После этого начала работать привычная для всяких злачных мест система мелких поощрений и крупных ошкурений.
На взятые у Толяна в долг пять тысяч Зинаида выиграла десять тысяч долларов, потом спустила их вкупе с теми, что заняла.
Окружающие, те, которые в игре не участвовали, раззадоривали попеременно делающих ставки Ремизову и Буханкина, утверждая, что таким мастерам вернуть проигрыш — раз плюнуть.
Толян тоже завелся и отслюнивал тысячи одну за другой, пока вдруг не оказалось, что тысячи-то тю-тю, нету больше ни единой.
— Что и требовалось доказать, — изрек по этому поводу Мефодий. — В азартные игры с государством, юные вы мои кореша, не играют.
— Ты, что ли, государство? — спросил Толян, глядя в пол.

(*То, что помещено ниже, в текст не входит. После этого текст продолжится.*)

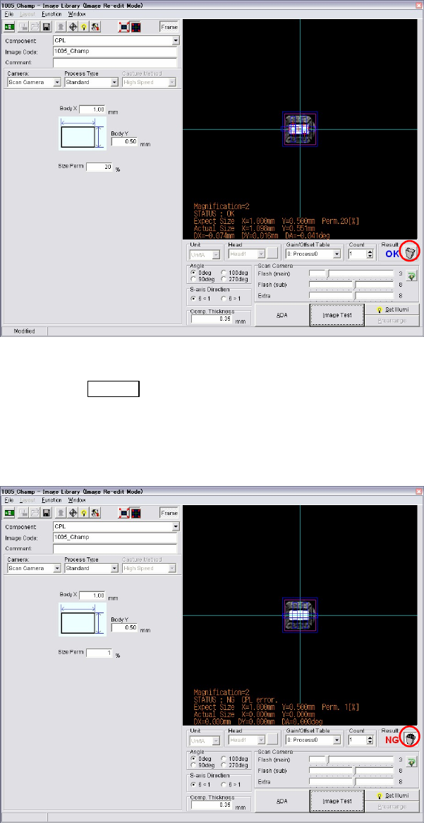 ⑧ If the picked up component is a defective, image test will fail as “NG”. In this case, click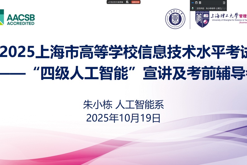 10月19日,为进一步落实信息技术创新人才培养要求,助力学生提升人工智能应用能力与就业竞争力,上海理工大学管理学院举办了“2025年上海市高等学校信息技术水平考试——四级人工智能”宣讲及考前线上辅导会。会议由人工智能系支部书记、上海理工大学电子商务发展研究院副院长朱小栋主持。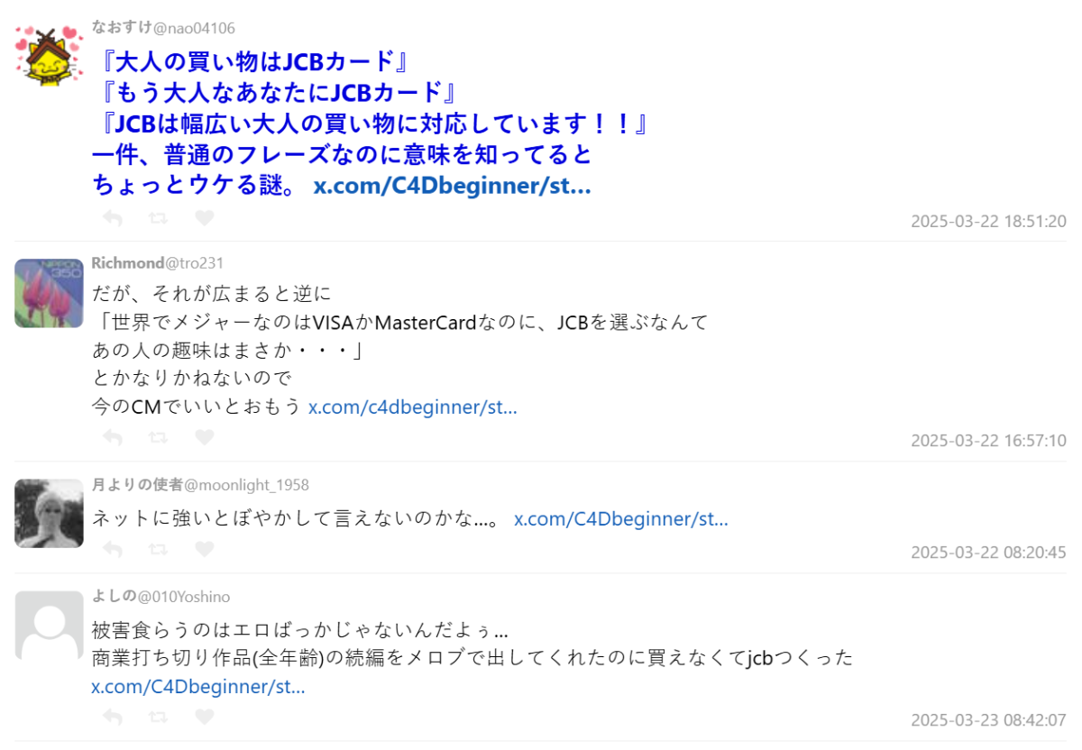 也有人建議,可以改成 : 「大人的購物就選 JCB 卡」、「成為大人的你,值得擁有 JCB 卡」、「JCB 支援各種大人的購物需求!」,反正懂得都懂,看起來都超普通,但只要知道內情,就會忍不住笑出來的那種。

— Именно, — подтвердил Мефодий. — Я и есть государство. Твоё родное, многострадальное государство.
— Тьфу на вас, — сказал Толян, по-прежнему не поднимая глаз. — Пошли отсюда, ребятишки.
И двинулся к дверям, сжимая пудовые кулаки. Ремизова, Буханкин и Антон последовали за ним.

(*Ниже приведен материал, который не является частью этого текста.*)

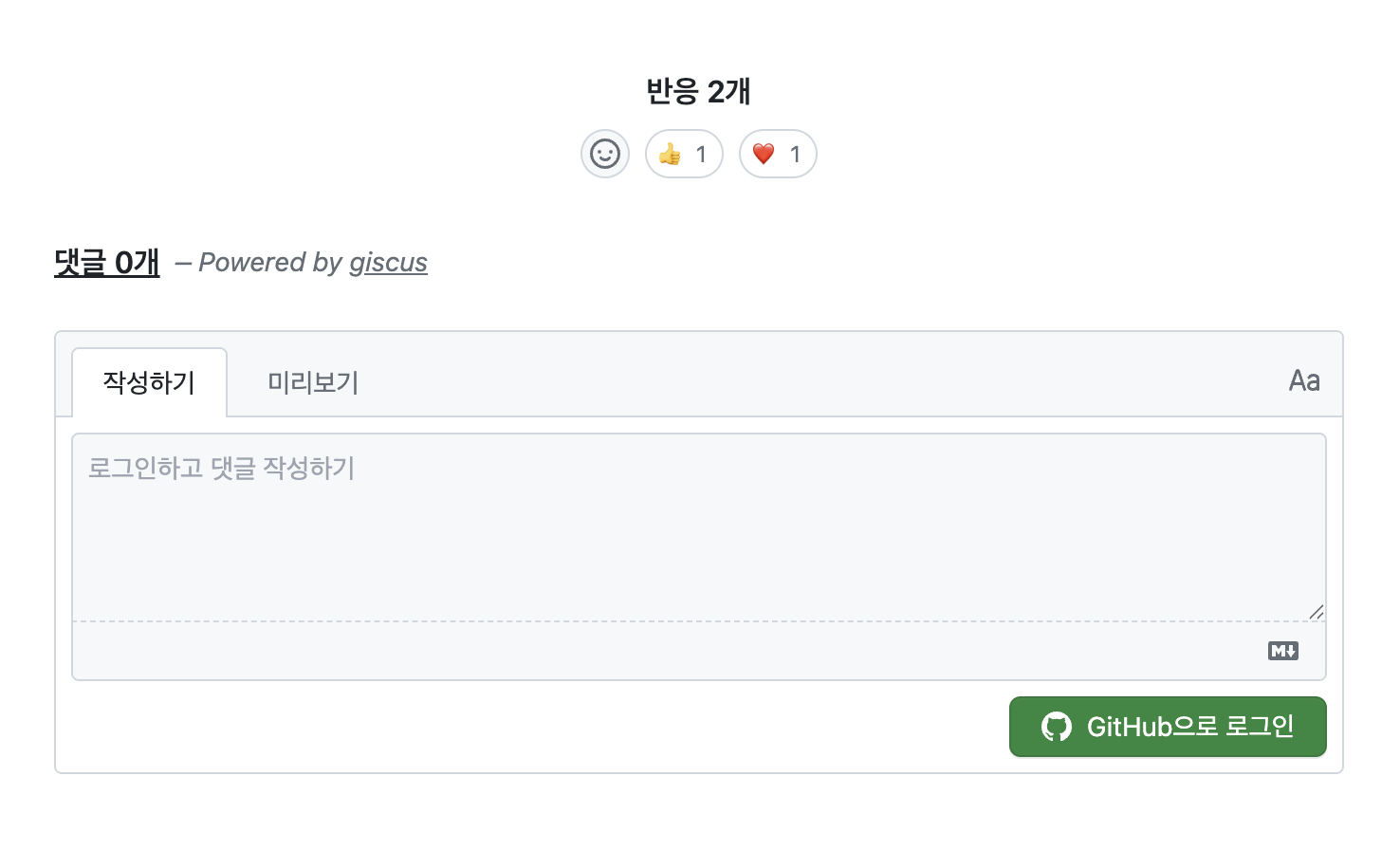 물론 GitHub 계정이 필요하다는 점이 일반 사용자에겐 조금 불편할 수 있지만, 기술 블로그 특성상 대부분의 독자가 개발자일 확률이 높으니 크게 문제가 되지 않을 것 같습니다.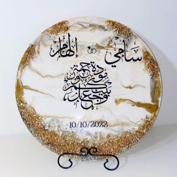 Tableau personnalisé en résine avec pierres de verre (avec support ou avec chaines doré en acier inoxydable)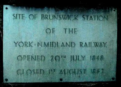 During a snowstorm exacerbated by strong winds in December 1949, mayor Mary Fisher unveiled a plaque on The Stray near the original site of Brunswick station. The plaque commemorates the centenary of the station, and the inscription says: "Site of Brunswick station of the York N. Midland Railway. Opened 20th July 1848, closed 1st August 1861".[4]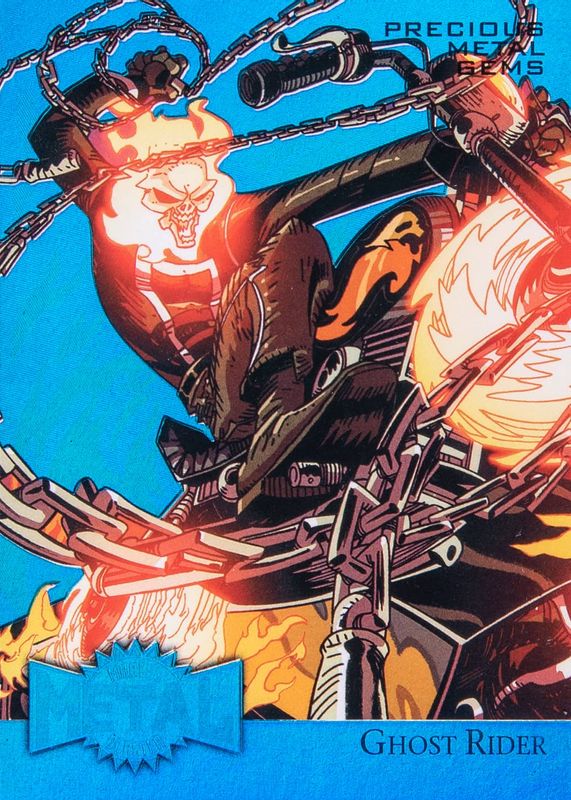The Ghost Rider 2015 Fleer Retro #19 Precious Metal Gems Blue /50 card in Raw condition has not changed in price in the last 30 days and was last sold for $599.99 .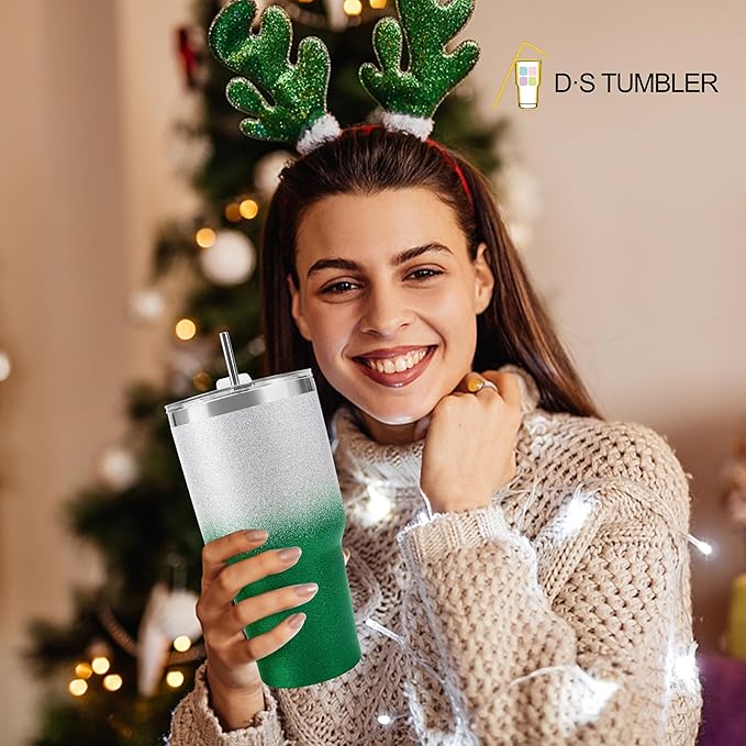 D·S 30 oz Tumbler Christmas Green Glitter Gradient Cup Stainless Steel Double Wall Vacuum Insulated Mug with Straw and Lid, Cleaning Brush for Cold and Hot Beverages
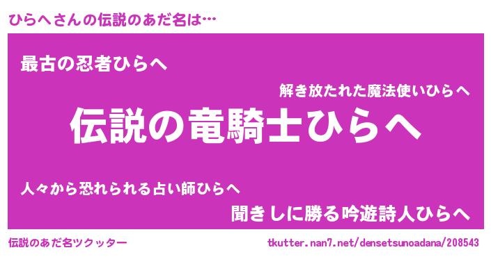 | ヒーロー風カッコイイあだ名 | 『スーパーヒラヘ』『ウルトラひらへマン』 |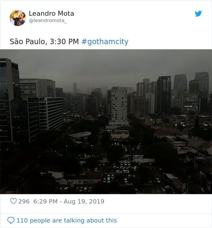 Saking prihatinnya, ada netizen yang menyebut kelamnya Sao Paulo tak ubahnya seperti kota Gotham yang didiami superhero Batman. (Foto: Internet/Twitter)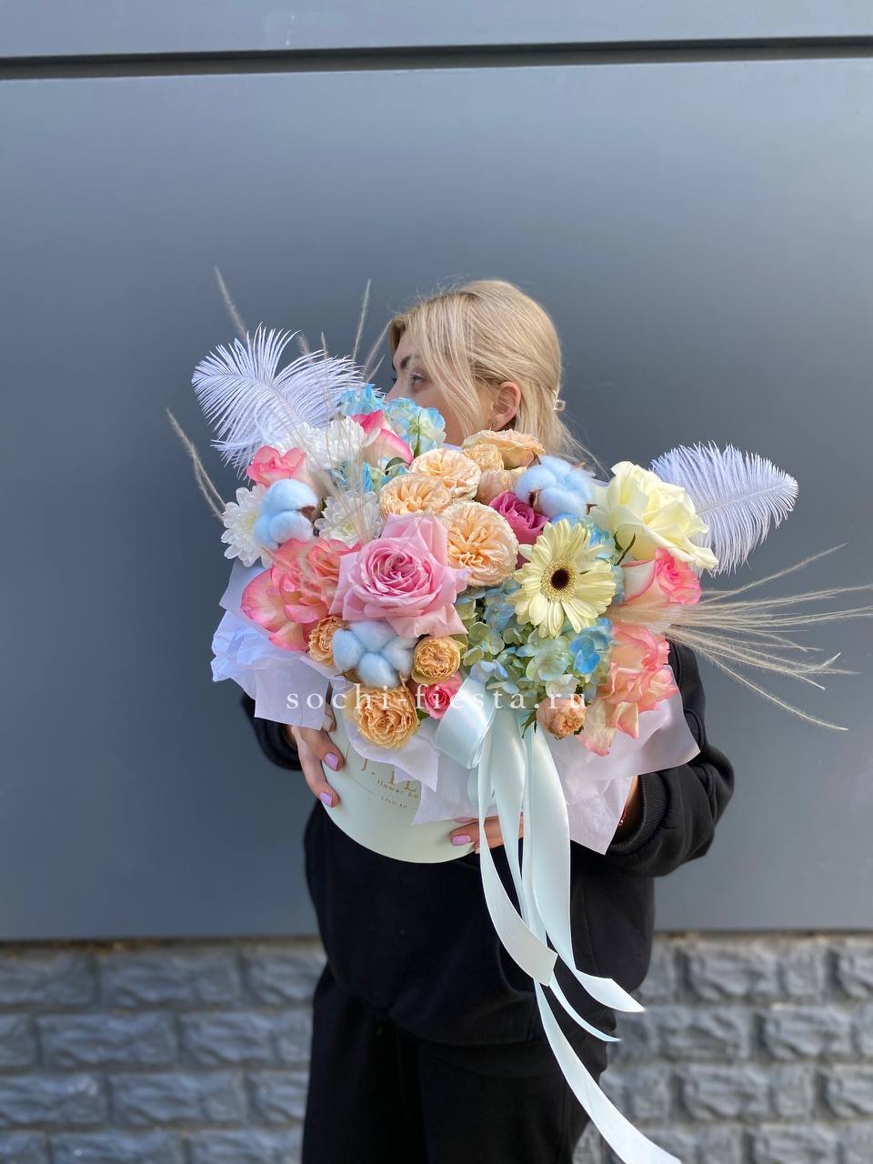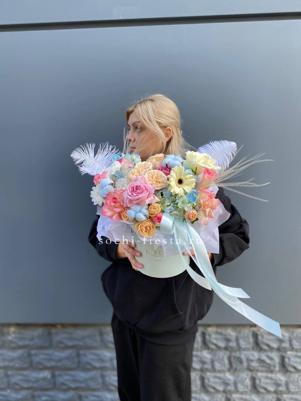 Состав: бокс из нежных розово-голубых цветов, розы, герберы, гортензии.

— Дурак, — вдогонку ему почти ласково произнес Мефодий. — Молодой еще, потому и дурак. Раздавлю ведь, как клопа.
Толян молча повернулся и пошел на Мефодия.
— Бей его, — взвизгнул старый пузан, струхнув не на шутку. — Девку не трогать, остальных не жалей.
Откуда-то вдруг понабежали накачанные битюги, человек двадцать, плюнешь — попадешь в битюга. Паханы вмиг рассеялись, опасаясь ненароком получить по соплям, что могло бы пагубно отразиться на авторитете.
Буханкина вырубили первым же ударом, он улетел под стол с закусками и там притих. Ремизова, визжа, забилась в угол, потом бочком-бочком перебралась под стол к Буханкину.
Толян бился, как слон. Каждый его удар валил очередного битюга с ног. Антон, отбиваясь, использовал приемы джиу-джитсу. Очень мешал дипломат, но он не выпускал его из левой руки, порой нанося им удары по коленям и в пах. Однако силы были неравны, их прижали к стене.
— Прикрой, бросил Антон, и в то время как Толян замахал руками, работая за двоих, полез в дипломат. Выхватил СПП. Дважды выстрелил в потолок.
Свет вдруг погас, и всё дальнейшее происходило в кромешном мраке. Антон получил сильнейший удар в глаз и «поплыл». Его били, но он этого не чувствовал. Потом он очнулся от резкой боли, кто-то ударил его в живот и, азартно сопя, готовился повторить удар. Антон отступил в сторону. Мимо пронеслась жаркая, потная туша. Было нестерпимо больно, но он уже вновь был в строю с дипломатом в левой и пистолетом в правой руке. Ах, как хотелось разрядить магазин в этот гадюшник, чтобы покончить с этой накачанной шпаной разом, как хотелось, однако что-то останавливало. Не мог он стрелять в безоружных.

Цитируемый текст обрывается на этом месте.